*(It's still Tuesday somewhere, right? No? Ahhhhh.)*
Well, Jiayi thought ten minutes later, after she’d stripped off Yamaguchi’s spare suit and grabbed her things, at least I have a job.
It occurred to her that, with the shadow attacks, there would be a sudden shortfall of competition in her career field. The image of Kapil’s passive, neutral face, then Yamaguchi’s, built instant regret on the thought. Her jaw tightened, along with her fist, fingernails digging into the flesh of her palm.
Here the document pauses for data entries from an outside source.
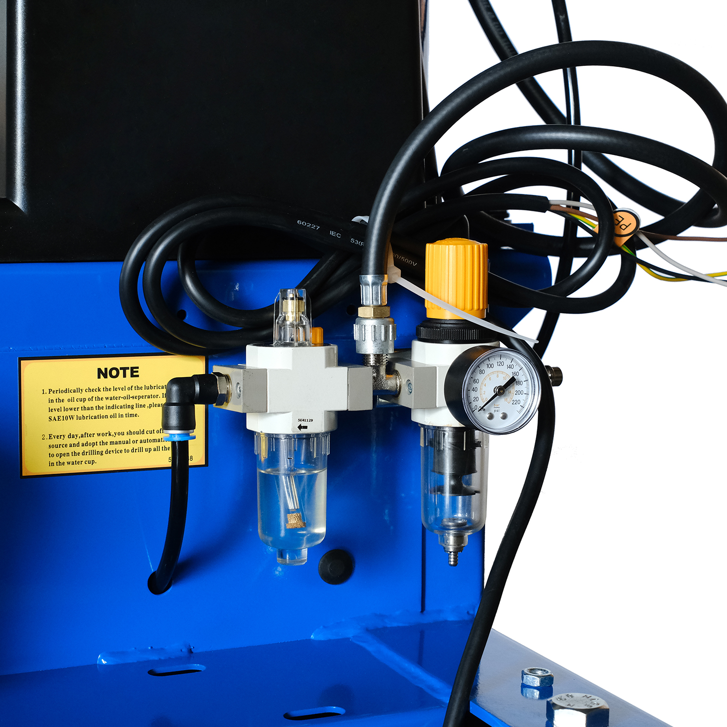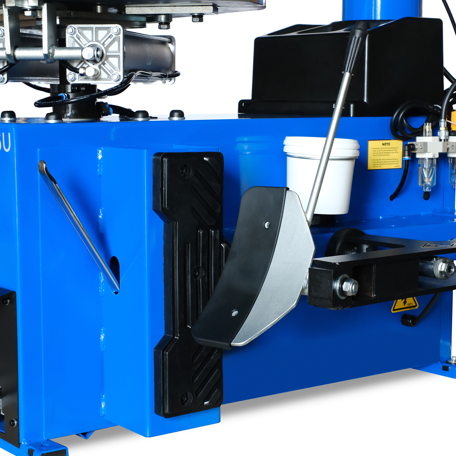 Оснащение блоком подготовки воздуха, включающим регулятор давления, масловлагоотделитель и лубрикатор, обеспечит стабильность и долговечность работы станка. Монтажная головка позиционируется относительно обода по горизонтали и вертикали, что гарантирует точность и удобство в работе.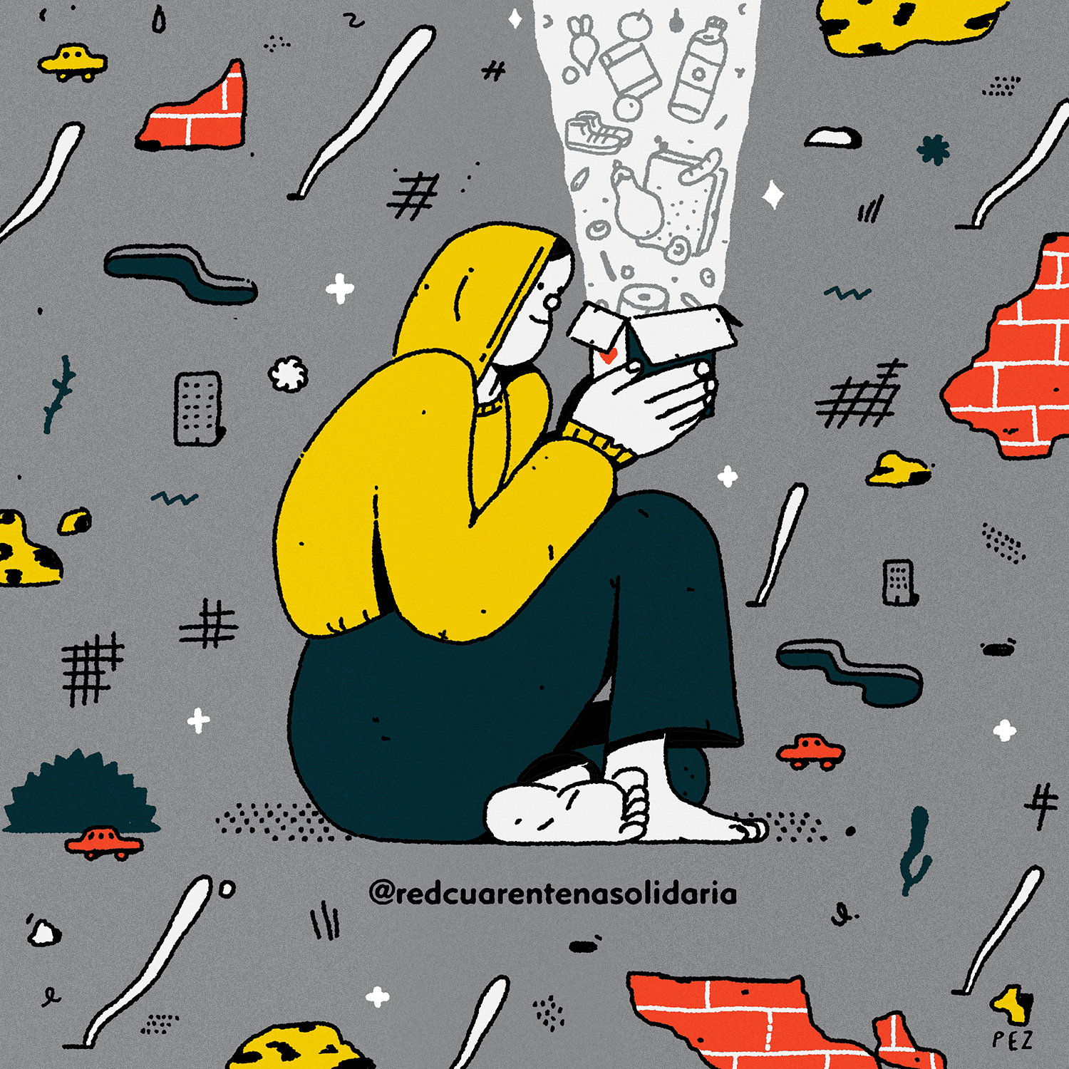 Illustration for RedCuarentenaSolidaria, a campaign aimed at connecting those staying at home with stores that are still open in order to safely provide them with donations to distribute among the homeless.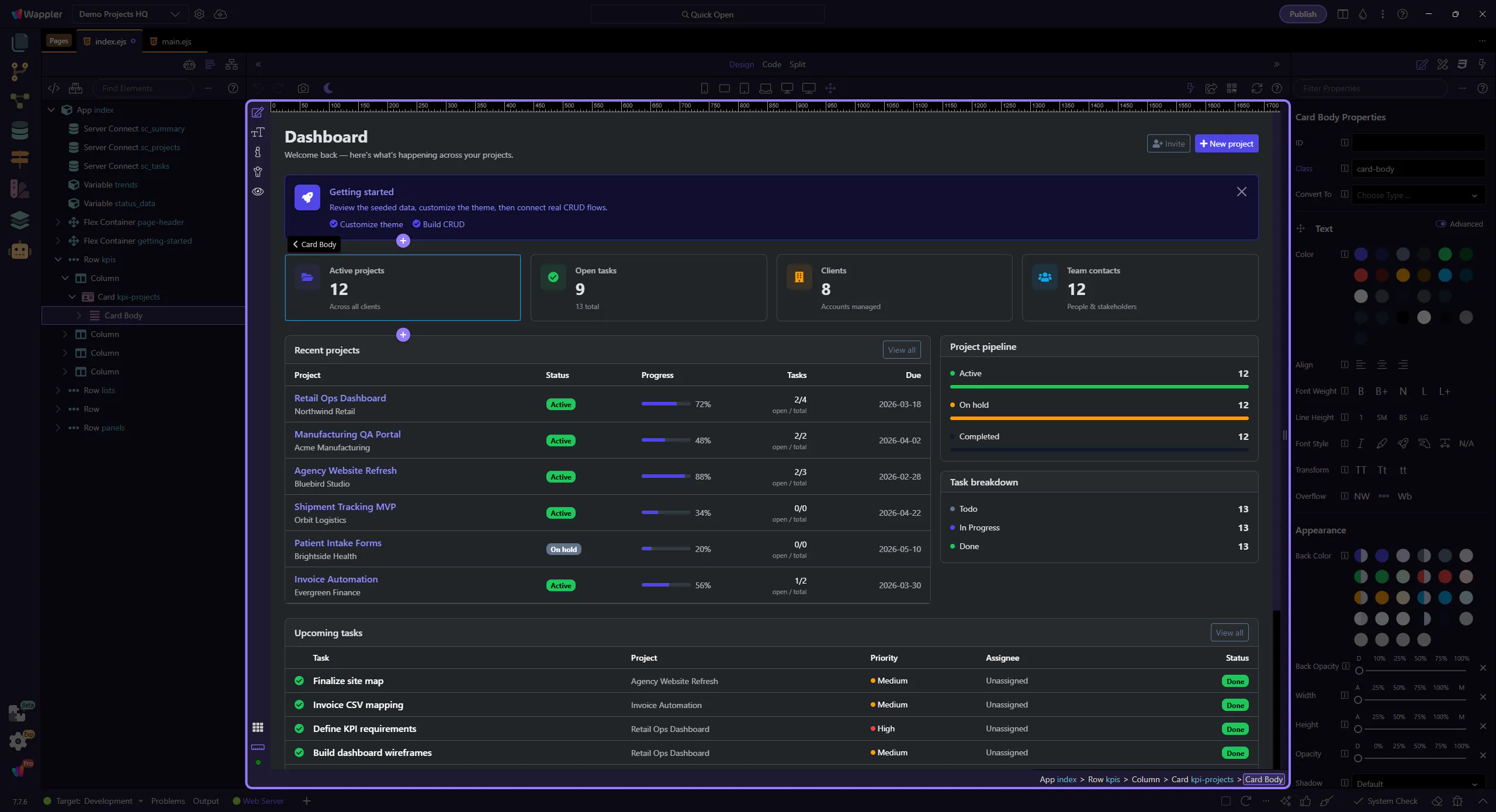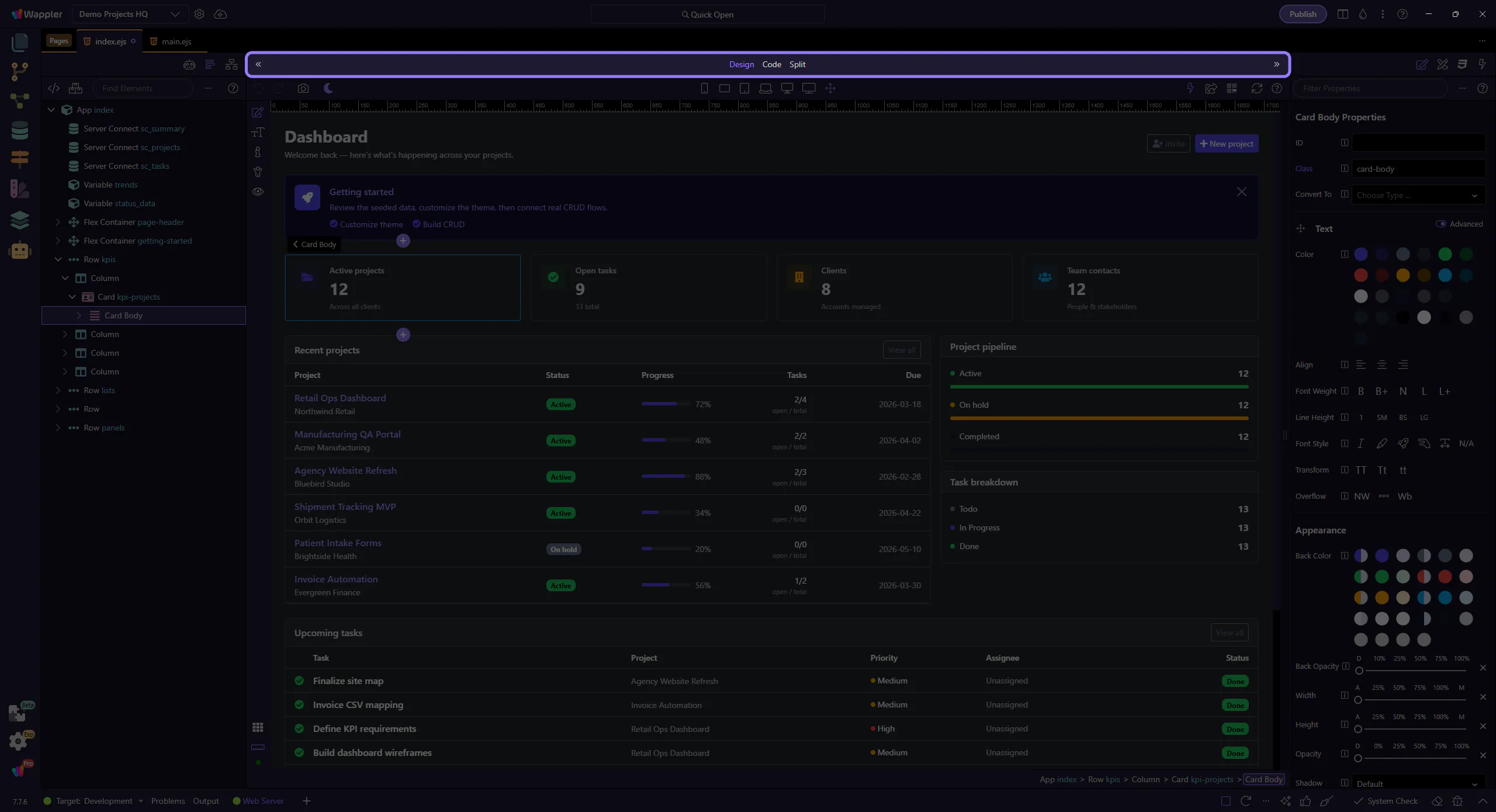 Section titled “Switch to Design View”Design View is the live editing surface where page structure becomes something you can inspect and manipulate directly. This overview explains why the view matters, what kind of work belongs here, and how it connects to the toolbar and panels you use for deeper changes.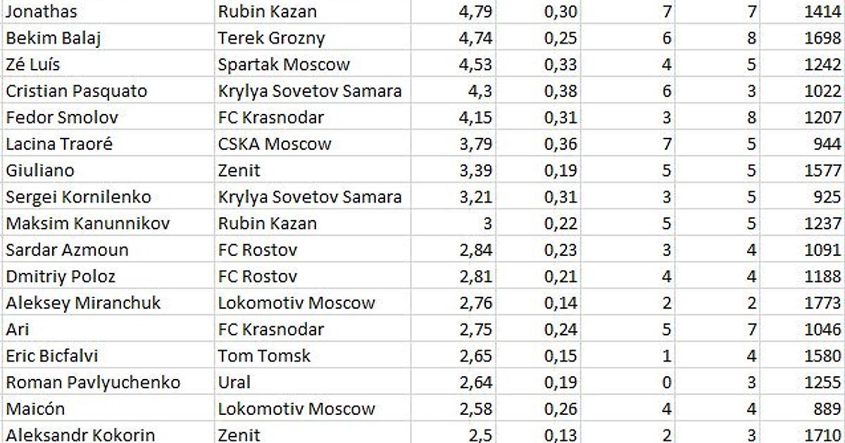 2) Смолов в топ xG всего лишь 7ой, что неудивительно из-за травм, много пропустил. По xG/90 минут также 7ой результат, а вот это уже интересно и является очередным подтверждением переоцененности Федора. Стоит пояснить почему так сильно различается место Смолова в этой таблице и таблице бомбардиров, здесь не учитываются пенальти и автоголы защитников.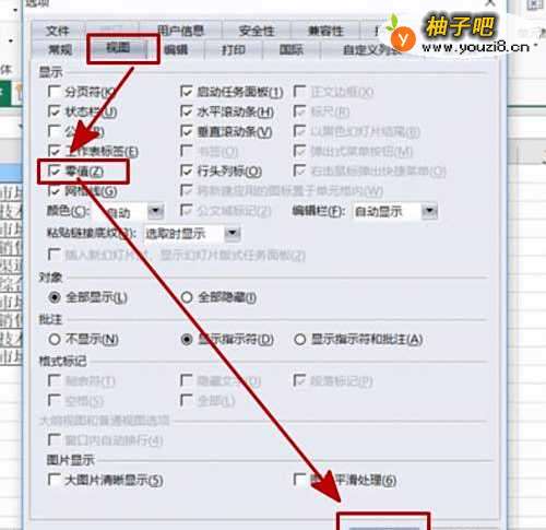 2点击【选项】后会出现一个“选项”对话框,点击【视图】按钮,取消【零值】前面的对勾,具体操作如图所示:

Gods, what’s wrong with me?
The entire station was in crisis. Normal modes of thought didn’t apply. Hopefully, the Shadow people and their attack would be a passing phase and would vanish back into the aether from which they’d come, and some marketing company would come forward and claim it was all a hoax—but that kind of hope didn’t hold much sway in the logical parts of her brain. Even if a marketing firm managed to get its hands on the kind of technology that could create those Shadow people—which she wasn’t sure really existed, except for the fact that it had to—the attack had taken down at least one military squad, which meant that if it were some mundane company responsible for it all, it had gone horribly wrong. If anything, this attack felt more like a show of power. Alliance, perhaps? Had she missed something in the year she hadn’t been paying much attention to the news? Alliance had always been a bit grumpy and antagonistic since Fallon had pulled out of its circle twenty years previous, but she hadn’t heard much of anything between the two except for misunderstandings on border asteroids, the gate incident seven years ago, and the large possibility that Alliance was funding pro-independence rebels in a couple of areas.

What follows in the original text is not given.